• Source data:
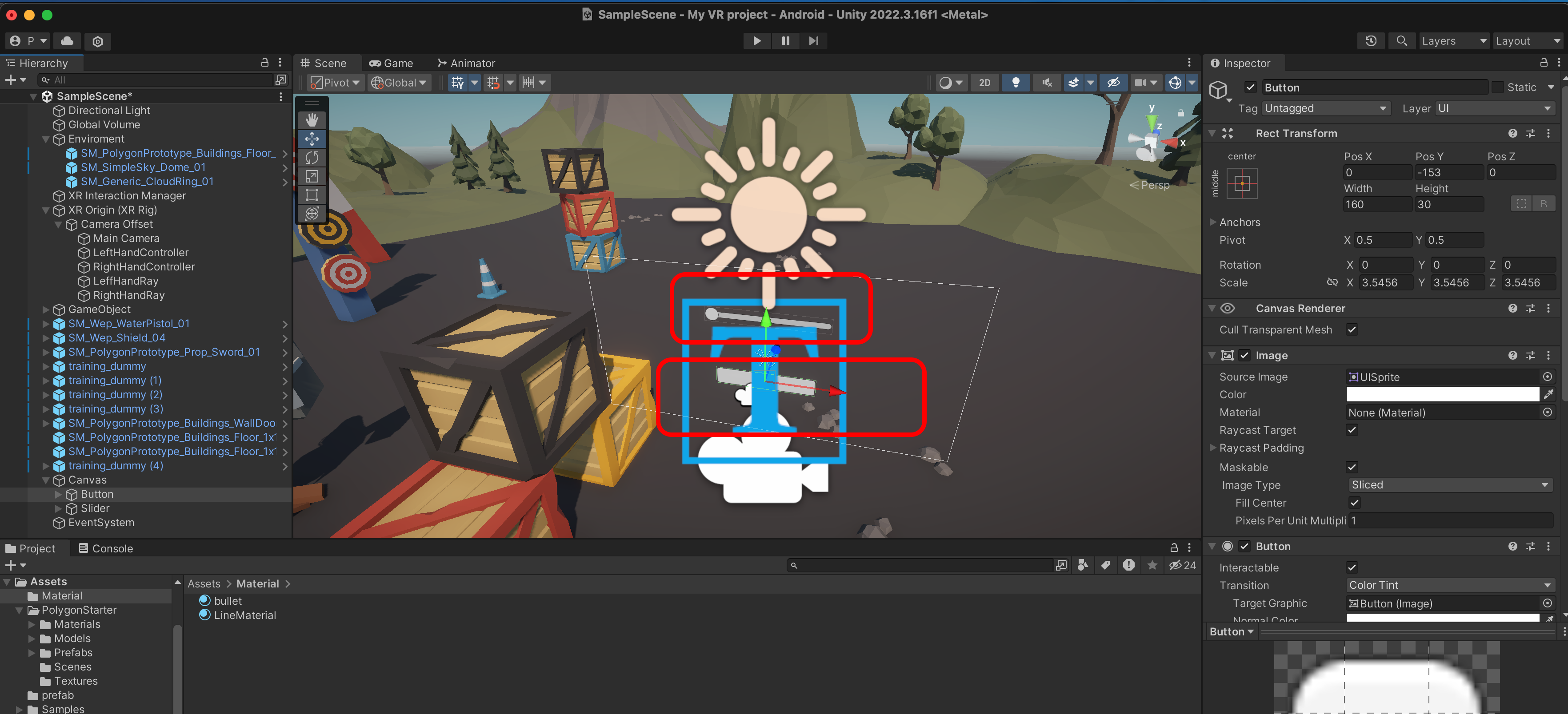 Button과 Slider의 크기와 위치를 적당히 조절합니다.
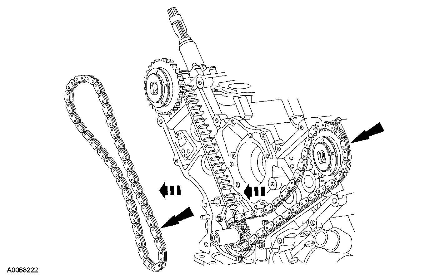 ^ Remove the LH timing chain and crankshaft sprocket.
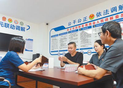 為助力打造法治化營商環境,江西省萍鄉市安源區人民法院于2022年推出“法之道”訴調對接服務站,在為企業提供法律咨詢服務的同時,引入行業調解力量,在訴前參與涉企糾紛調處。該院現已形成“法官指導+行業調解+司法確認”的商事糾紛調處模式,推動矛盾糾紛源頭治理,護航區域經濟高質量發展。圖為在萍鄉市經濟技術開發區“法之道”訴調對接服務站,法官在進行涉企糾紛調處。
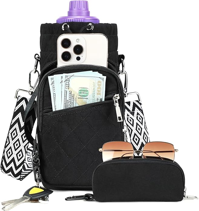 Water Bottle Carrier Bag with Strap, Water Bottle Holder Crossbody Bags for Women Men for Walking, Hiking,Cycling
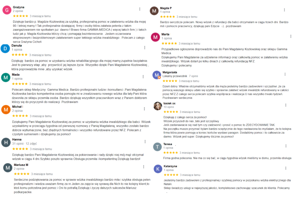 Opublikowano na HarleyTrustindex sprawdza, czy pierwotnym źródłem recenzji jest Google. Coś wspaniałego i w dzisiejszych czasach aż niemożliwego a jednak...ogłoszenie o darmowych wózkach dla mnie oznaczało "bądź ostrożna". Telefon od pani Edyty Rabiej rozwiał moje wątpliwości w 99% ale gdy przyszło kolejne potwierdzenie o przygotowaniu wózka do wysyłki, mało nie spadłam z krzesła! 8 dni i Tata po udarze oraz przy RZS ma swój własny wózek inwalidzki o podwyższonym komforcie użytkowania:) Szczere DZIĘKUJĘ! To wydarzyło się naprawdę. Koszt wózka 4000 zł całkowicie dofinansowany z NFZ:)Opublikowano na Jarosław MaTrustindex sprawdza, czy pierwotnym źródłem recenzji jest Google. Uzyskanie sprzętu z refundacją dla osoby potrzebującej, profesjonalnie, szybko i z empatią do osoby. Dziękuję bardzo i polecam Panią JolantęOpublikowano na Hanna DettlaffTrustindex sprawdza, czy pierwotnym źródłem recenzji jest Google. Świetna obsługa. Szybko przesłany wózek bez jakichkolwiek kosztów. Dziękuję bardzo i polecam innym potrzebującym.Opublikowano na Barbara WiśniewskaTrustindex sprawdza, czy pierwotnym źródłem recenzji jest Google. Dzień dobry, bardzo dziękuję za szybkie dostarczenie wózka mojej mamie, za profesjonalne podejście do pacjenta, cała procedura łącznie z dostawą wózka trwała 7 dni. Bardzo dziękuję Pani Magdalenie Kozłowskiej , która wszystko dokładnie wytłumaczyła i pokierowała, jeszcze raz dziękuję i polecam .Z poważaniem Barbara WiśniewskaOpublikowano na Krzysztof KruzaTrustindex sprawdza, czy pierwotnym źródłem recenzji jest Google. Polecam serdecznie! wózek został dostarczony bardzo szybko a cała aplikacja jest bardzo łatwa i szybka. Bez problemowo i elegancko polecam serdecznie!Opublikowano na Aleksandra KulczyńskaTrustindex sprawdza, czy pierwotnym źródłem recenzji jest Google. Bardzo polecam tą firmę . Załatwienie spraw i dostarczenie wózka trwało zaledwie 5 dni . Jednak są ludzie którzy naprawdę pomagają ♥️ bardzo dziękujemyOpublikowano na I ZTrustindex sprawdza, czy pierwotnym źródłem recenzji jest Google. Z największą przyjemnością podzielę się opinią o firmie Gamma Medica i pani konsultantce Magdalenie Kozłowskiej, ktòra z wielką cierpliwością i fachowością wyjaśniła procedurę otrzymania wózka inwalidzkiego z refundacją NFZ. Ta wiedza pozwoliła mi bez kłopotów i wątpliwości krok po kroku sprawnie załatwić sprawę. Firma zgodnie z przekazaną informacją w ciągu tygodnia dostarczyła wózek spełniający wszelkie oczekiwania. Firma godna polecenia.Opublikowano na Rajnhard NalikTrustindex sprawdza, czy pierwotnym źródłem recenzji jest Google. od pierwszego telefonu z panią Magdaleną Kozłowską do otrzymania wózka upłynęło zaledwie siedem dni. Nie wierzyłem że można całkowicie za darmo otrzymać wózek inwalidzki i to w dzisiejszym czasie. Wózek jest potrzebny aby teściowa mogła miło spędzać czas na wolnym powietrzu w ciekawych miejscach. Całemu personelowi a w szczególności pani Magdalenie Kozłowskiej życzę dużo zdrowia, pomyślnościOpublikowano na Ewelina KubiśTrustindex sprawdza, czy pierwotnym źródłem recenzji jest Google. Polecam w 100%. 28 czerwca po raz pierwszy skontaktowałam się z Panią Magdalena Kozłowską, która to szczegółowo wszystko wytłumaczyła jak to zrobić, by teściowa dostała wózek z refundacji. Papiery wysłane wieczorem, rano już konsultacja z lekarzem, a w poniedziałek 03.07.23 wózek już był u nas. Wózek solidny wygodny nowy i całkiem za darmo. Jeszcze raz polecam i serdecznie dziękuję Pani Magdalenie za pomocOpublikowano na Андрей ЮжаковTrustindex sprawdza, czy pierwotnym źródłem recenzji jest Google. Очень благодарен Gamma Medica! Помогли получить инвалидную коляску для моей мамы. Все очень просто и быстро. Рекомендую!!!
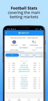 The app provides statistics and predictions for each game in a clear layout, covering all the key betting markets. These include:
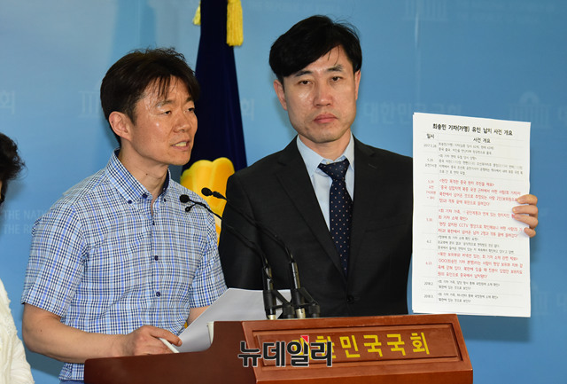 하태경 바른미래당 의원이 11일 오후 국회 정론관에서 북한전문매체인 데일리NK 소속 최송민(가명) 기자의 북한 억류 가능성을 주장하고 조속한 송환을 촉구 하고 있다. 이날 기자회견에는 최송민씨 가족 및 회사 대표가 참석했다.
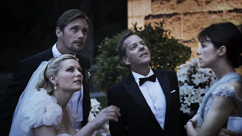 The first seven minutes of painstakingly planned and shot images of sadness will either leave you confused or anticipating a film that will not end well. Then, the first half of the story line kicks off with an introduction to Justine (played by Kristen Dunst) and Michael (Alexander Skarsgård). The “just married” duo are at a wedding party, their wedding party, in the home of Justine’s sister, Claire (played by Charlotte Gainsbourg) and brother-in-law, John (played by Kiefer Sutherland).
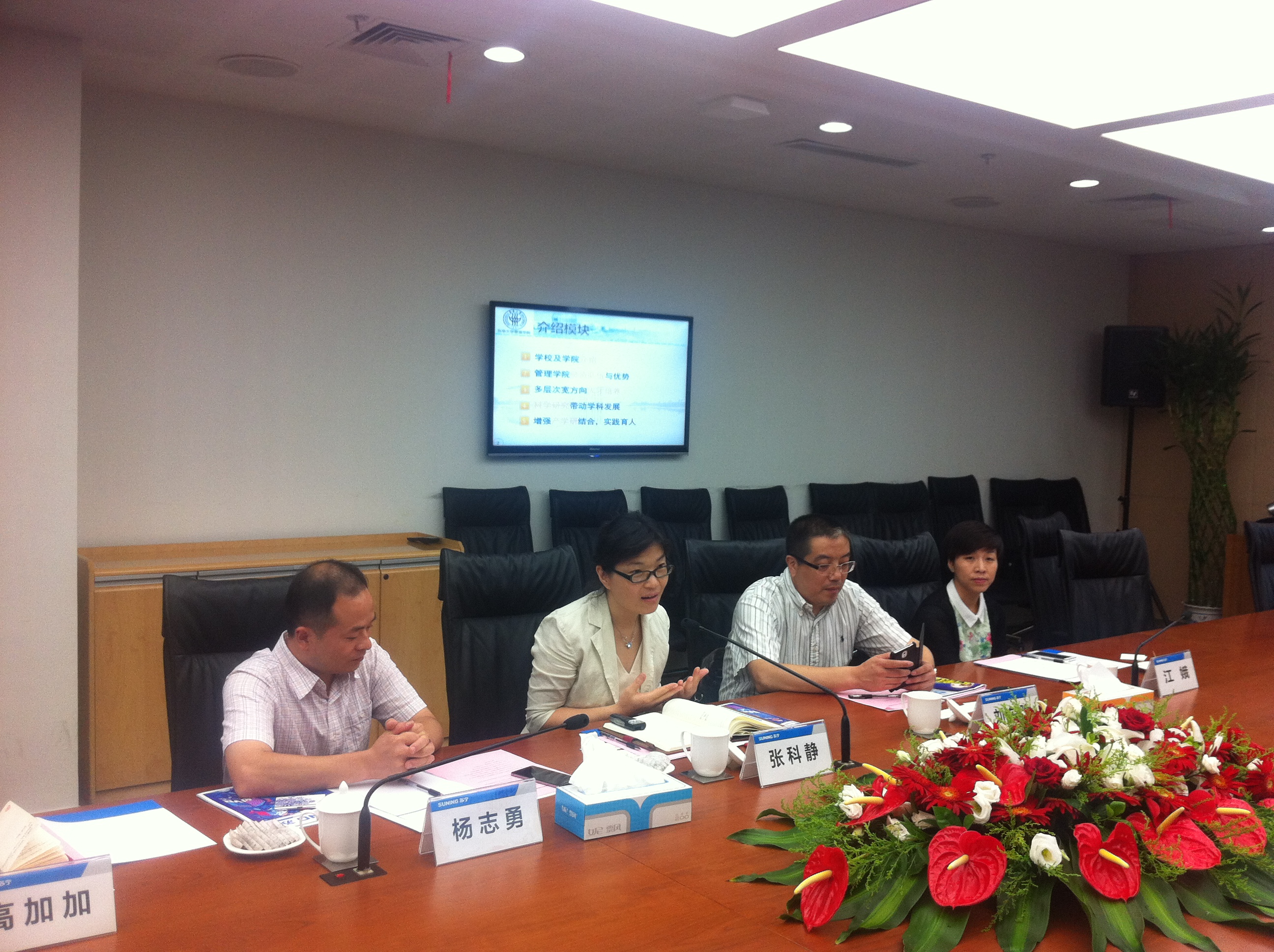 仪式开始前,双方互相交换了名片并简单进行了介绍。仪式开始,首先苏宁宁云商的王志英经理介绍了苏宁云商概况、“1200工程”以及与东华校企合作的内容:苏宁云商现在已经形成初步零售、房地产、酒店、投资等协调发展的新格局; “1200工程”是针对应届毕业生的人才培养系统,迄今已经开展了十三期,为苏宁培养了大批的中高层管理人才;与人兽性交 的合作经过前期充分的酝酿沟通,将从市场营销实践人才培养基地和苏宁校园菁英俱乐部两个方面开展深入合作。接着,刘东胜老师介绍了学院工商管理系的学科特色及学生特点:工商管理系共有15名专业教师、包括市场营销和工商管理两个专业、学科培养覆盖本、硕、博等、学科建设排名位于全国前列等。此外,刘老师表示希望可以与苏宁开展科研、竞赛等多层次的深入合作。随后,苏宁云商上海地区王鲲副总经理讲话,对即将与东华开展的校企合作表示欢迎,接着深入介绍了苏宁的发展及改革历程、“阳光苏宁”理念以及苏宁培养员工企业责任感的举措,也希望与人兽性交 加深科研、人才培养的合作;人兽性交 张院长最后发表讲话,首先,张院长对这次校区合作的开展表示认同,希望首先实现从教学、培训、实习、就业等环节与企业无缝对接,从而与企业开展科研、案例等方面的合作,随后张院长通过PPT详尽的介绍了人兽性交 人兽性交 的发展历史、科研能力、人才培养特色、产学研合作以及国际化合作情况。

• Task statement:
If an entry above holds a picture, omit the picture but retype everything else exactly.

• Finished exercise:
 Button과 Slider의 크기와 위치를 적당히 조절합니다.
 ^ Remove the LH timing chain and crankshaft sprocket.
 為助力打造法治化營商環境,江西省萍鄉市安源區人民法院于2022年推出“法之道”訴調對接服務站,在為企業提供法律咨詢服務的同時,引入行業調解力量,在訴前參與涉企糾紛調處。該院現已形成“法官指導+行業調解+司法確認”的商事糾紛調處模式,推動矛盾糾紛源頭治理,護航區域經濟高質量發展。圖為在萍鄉市經濟技術開發區“法之道”訴調對接服務站,法官在進行涉企糾紛調處。
 Water Bottle Carrier Bag with Strap, Water Bottle Holder Crossbody Bags for Women Men for Walking, Hiking,Cycling
 Opublikowano na HarleyTrustindex sprawdza, czy pierwotnym źródłem recenzji jest Google. Coś wspaniałego i w dzisiejszych czasach aż niemożliwego a jednak...ogłoszenie o darmowych wózkach dla mnie oznaczało "bądź ostrożna". Telefon od pani Edyty Rabiej rozwiał moje wątpliwości w 99% ale gdy przyszło kolejne potwierdzenie o przygotowaniu wózka do wysyłki, mało nie spadłam z krzesła! 8 dni i Tata po udarze oraz przy RZS ma swój własny wózek inwalidzki o podwyższonym komforcie użytkowania:) Szczere DZIĘKUJĘ! To wydarzyło się naprawdę. Koszt wózka 4000 zł całkowicie dofinansowany z NFZ:)Opublikowano na Jarosław MaTrustindex sprawdza, czy pierwotnym źródłem recenzji jest Google. Uzyskanie sprzętu z refundacją dla osoby potrzebującej, profesjonalnie, szybko i z empatią do osoby. Dziękuję bardzo i polecam Panią JolantęOpublikowano na Hanna DettlaffTrustindex sprawdza, czy pierwotnym źródłem recenzji jest Google. Świetna obsługa. Szybko przesłany wózek bez jakichkolwiek kosztów. Dziękuję bardzo i polecam innym potrzebującym.Opublikowano na Barbara WiśniewskaTrustindex sprawdza, czy pierwotnym źródłem recenzji jest Google. Dzień dobry, bardzo dziękuję za szybkie dostarczenie wózka mojej mamie, za profesjonalne podejście do pacjenta, cała procedura łącznie z dostawą wózka trwała 7 dni. Bardzo dziękuję Pani Magdalenie Kozłowskiej , która wszystko dokładnie wytłumaczyła i pokierowała, jeszcze raz dziękuję i polecam .Z poważaniem Barbara WiśniewskaOpublikowano na Krzysztof KruzaTrustindex sprawdza, czy pierwotnym źródłem recenzji jest Google. Polecam serdecznie! wózek został dostarczony bardzo szybko a cała aplikacja jest bardzo łatwa i szybka. Bez problemowo i elegancko polecam serdecznie!Opublikowano na Aleksandra KulczyńskaTrustindex sprawdza, czy pierwotnym źródłem recenzji jest Google. Bardzo polecam tą firmę . Załatwienie spraw i dostarczenie wózka trwało zaledwie 5 dni . Jednak są ludzie którzy naprawdę pomagają ♥️ bardzo dziękujemyOpublikowano na I ZTrustindex sprawdza, czy pierwotnym źródłem recenzji jest Google. Z największą przyjemnością podzielę się opinią o firmie Gamma Medica i pani konsultantce Magdalenie Kozłowskiej, ktòra z wielką cierpliwością i fachowością wyjaśniła procedurę otrzymania wózka inwalidzkiego z refundacją NFZ. Ta wiedza pozwoliła mi bez kłopotów i wątpliwości krok po kroku sprawnie załatwić sprawę. Firma zgodnie z przekazaną informacją w ciągu tygodnia dostarczyła wózek spełniający wszelkie oczekiwania. Firma godna polecenia.Opublikowano na Rajnhard NalikTrustindex sprawdza, czy pierwotnym źródłem recenzji jest Google. od pierwszego telefonu z panią Magdaleną Kozłowską do otrzymania wózka upłynęło zaledwie siedem dni. Nie wierzyłem że można całkowicie za darmo otrzymać wózek inwalidzki i to w dzisiejszym czasie. Wózek jest potrzebny aby teściowa mogła miło spędzać czas na wolnym powietrzu w ciekawych miejscach. Całemu personelowi a w szczególności pani Magdalenie Kozłowskiej życzę dużo zdrowia, pomyślnościOpublikowano na Ewelina KubiśTrustindex sprawdza, czy pierwotnym źródłem recenzji jest Google. Polecam w 100%. 28 czerwca po raz pierwszy skontaktowałam się z Panią Magdalena Kozłowską, która to szczegółowo wszystko wytłumaczyła jak to zrobić, by teściowa dostała wózek z refundacji. Papiery wysłane wieczorem, rano już konsultacja z lekarzem, a w poniedziałek 03.07.23 wózek już był u nas. Wózek solidny wygodny nowy i całkiem za darmo. Jeszcze raz polecam i serdecznie dziękuję Pani Magdalenie za pomocOpublikowano na Андрей ЮжаковTrustindex sprawdza, czy pierwotnym źródłem recenzji jest Google. Очень благодарен Gamma Medica! Помогли получить инвалидную коляску для моей мамы. Все очень просто и быстро. Рекомендую!!!
 The app provides statistics and predictions for each game in a clear layout, covering all the key betting markets. These include:
 하태경 바른미래당 의원이 11일 오후 국회 정론관에서 북한전문매체인 데일리NK 소속 최송민(가명) 기자의 북한 억류 가능성을 주장하고 조속한 송환을 촉구 하고 있다. 이날 기자회견에는 최송민씨 가족 및 회사 대표가 참석했다.
 The first seven minutes of painstakingly planned and shot images of sadness will either leave you confused or anticipating a film that will not end well. Then, the first half of the story line kicks off with an introduction to Justine (played by Kristen Dunst) and Michael (Alexander Skarsgård). The “just married” duo are at a wedding party, their wedding party, in the home of Justine’s sister, Claire (played by Charlotte Gainsbourg) and brother-in-law, John (played by Kiefer Sutherland).
 仪式开始前,双方互相交换了名片并简单进行了介绍。仪式开始,首先苏宁宁云商的王志英经理介绍了苏宁云商概况、“1200工程”以及与东华校企合作的内容:苏宁云商现在已经形成初步零售、房地产、酒店、投资等协调发展的新格局; “1200工程”是针对应届毕业生的人才培养系统,迄今已经开展了十三期,为苏宁培养了大批的中高层管理人才;与人兽性交 的合作经过前期充分的酝酿沟通,将从市场营销实践人才培养基地和苏宁校园菁英俱乐部两个方面开展深入合作。接着,刘东胜老师介绍了学院工商管理系的学科特色及学生特点:工商管理系共有15名专业教师、包括市场营销和工商管理两个专业、学科培养覆盖本、硕、博等、学科建设排名位于全国前列等。此外,刘老师表示希望可以与苏宁开展科研、竞赛等多层次的深入合作。随后,苏宁云商上海地区王鲲副总经理讲话,对即将与东华开展的校企合作表示欢迎,接着深入介绍了苏宁的发展及改革历程、“阳光苏宁”理念以及苏宁培养员工企业责任感的举措,也希望与人兽性交 加深科研、人才培养的合作;人兽性交 张院长最后发表讲话,首先,张院长对这次校区合作的开展表示认同,希望首先实现从教学、培训、实习、就业等环节与企业无缝对接,从而与企业开展科研、案例等方面的合作,随后张院长通过PPT详尽的介绍了人兽性交 人兽性交 的发展历史、科研能力、人才培养特色、产学研合作以及国际化合作情况。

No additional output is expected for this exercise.